How strict is your dynamic language?

Tweet

Considering the “big four” dynamic, procedural languages; Perl, Python, PHP and Ruby, to an extent they’re much of a muchness, offering only small variations on the same theme (ignoring PHP’s lack of support for functional-style programming). But sometimes little things make a big difference, and perhaps most of all when your code is given input to handle which it wasn’t designed for. Knocked up a simple example to compare them in this area…

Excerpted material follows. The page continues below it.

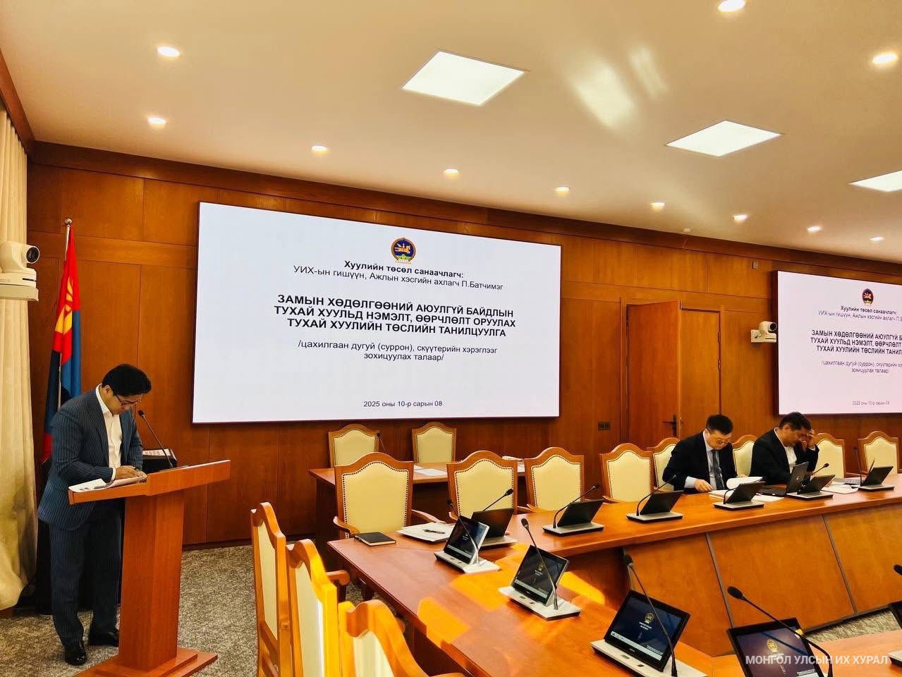 Энэхүү хуулийн төслийг Улсын Их Хурлын 2025 оны намрын ээлжит чуулганы хугацаанд Байнгын хороо болон чуулганы нэгдсэн хуралдаанаар хэлэлцүүлэх, бэлтгэл ажлыг хангах, санал, дүгнэлтийн төсөл боловсруулах үүрэг бүхий Ажлын хэсгийг Улсын Их Хурлын гишүүн Г.Уянгахишиг ахалж, Улсын Их Хурлын гишүүн О.Алтангэрэл, Б.Баярбаатар, Х.Баасанжаргал, О.Номинчимэг, Д.Пүрэвдаваа, Л.Соронзонболд нарын бүрэлдэхүүнтэй байгуулсан. Уг Ажлын хэсэг өнөөдөр (2025.10.08) анхны хуралдаанаа хийлээ. Ажлын хэсгийн хуралдаанаар хуулийн төслийг тал бүрээс нь хэлэлцэх зорилгоор холбогдох төрийн байгууллага, нийтийн хэрэгцээний цахилгаан дугуй, скүүтер түрээсийн үйлчилгээ эрхлэгчид, мэргэжлийн хүмүүс, иргэдийн төлөөлөл зэрэг олон талын төлөөллөөс бүрдсэн Дэд ажлын хэсэг байгуулж ажиллуулахаар шийдвэрлэлээ.

You’ve got a function which takes a hash value (an associative array) and does something with it’s contents – fairly typical logic for a database-driven application, where rows are common currency. For sake of simple example, let’s say your input is a list of names, each name broken into a hash with the keys “first” and “given”. The question is how will your function cope when the hash doesn’t have quite the structure you’re expecting (like the first name is missing), given a fairly “default” use of the language – no non-standard functionality to make the language stricter…

Perl

Tackling Perl first, here’s a working example…


#!/usr/bin/perl -w
use strict;

my $names = [
            {'first'=>'Bob','given'=>'Smith'},
            {'given'=>'Lukas'},
            {'first'=>'Mary','given'=>'Doe'},
        ];

sub printName {
    my $name = shift;
    print "Name is ".$name->{'first'}." ".$name->{'given'}."n"
}

foreach my $name ( @{$names} ) {
    printName($name);
}

Notice the list of names – the second “row” is missing the “first” key. Running this the output is;

Name is Bob Smith
Use of uninitialized value in concatenation (.) or string at names.pl line 12.
Name is  Lukas
Name is Mary Doe

Note the second line in the output – Perl is complaining about an attempt to de-reference a variable which doesn’t exist. But, after complaining, execution continues

PHP

The same again in PHP…


#!/usr/bin/php
<?php
$names = array(
    array('first'=>'Bob','given'=>'Smith'),
    array('given'=>'Lukas'),
    array('first'=>'Mary','given'=>'Doe'),
);

function printName($name) {
    print "Name is ".$name['first']." ".$name['given']."n";
}

foreach ($names as $name ) {
    printName($name);
}

The output is…

Name is Bob Smith

Notice: Undefined index:  first in /home/harryf/php/names.php on line 9
Name is  Lukas
Name is Mary Doe

PHP does pretty much the same thing as Perl – complains but continues execution. Of course the error is raised as a NOTICE – many default PHP installations have this error level disabled, meaning you’d get no error message. One other interesting point – PHP is complaining about the the array index being missing, rather than the value being, in some way, unusable.

Ruby

Here we go again, this time in Ruby…


#!/usr/bin/ruby
names = [
            {'first'=>'Bob','given'=>'Smith'},
            {'given'=>'Lukas'},
            {'first'=>'Mary','given'=>'Doe'},
        ];

def printName(name)
    puts("Name is "+name['first']+" "+name['given']+"n")
end

names.each {
    |name| printName(name)
}

And the output…

Name is Bob Smith
names.rb:10:in `+': can't convert nil into String (TypeError)
    from names.rb:10:in `printName'
    from names.rb:14
    from names.rb:13

Ruby, by contrast, halts execution (raises an exception that wasn’t handled) on encountering the missing hash key. Interesting is the cause: Ruby is saying that de-referencing something that doesn’t exist creates a nil value, which you can’t just join to a string, hence the exception – a TypeError.

Python

Finally Python…


#!/usr/bin/python
names = [
            {'first':'Bob','given':'Smith'},
            {'given':'Lukas'},
            {'first':'Mary','given':'Doe'},
        ];

def printName(name):
    print("Name is "+name['first']+" "+name['given']+"n")

for name in names:
    printName(name)


And how does Python respond?

Name is Bob Smith

Traceback (most recent call last):
  File "names.py", line 12, in ?
    printName(name)
  File "names.py", line 9, in printName
    print("Name is "+name['first']+" "+name['given']+"n")
KeyError: 'first'

Like Ruby, Python halts execution on encountering the problem hash (dict), raising an exception. Unlike Ruby, but more like PHP, Python is complaining about the missing hash key – it raised a KeyError exception.

So what?

OK – this is a trivial example but I also think it’s illustrative of a common recurring problem and the fundamental philosophical differences between the languages.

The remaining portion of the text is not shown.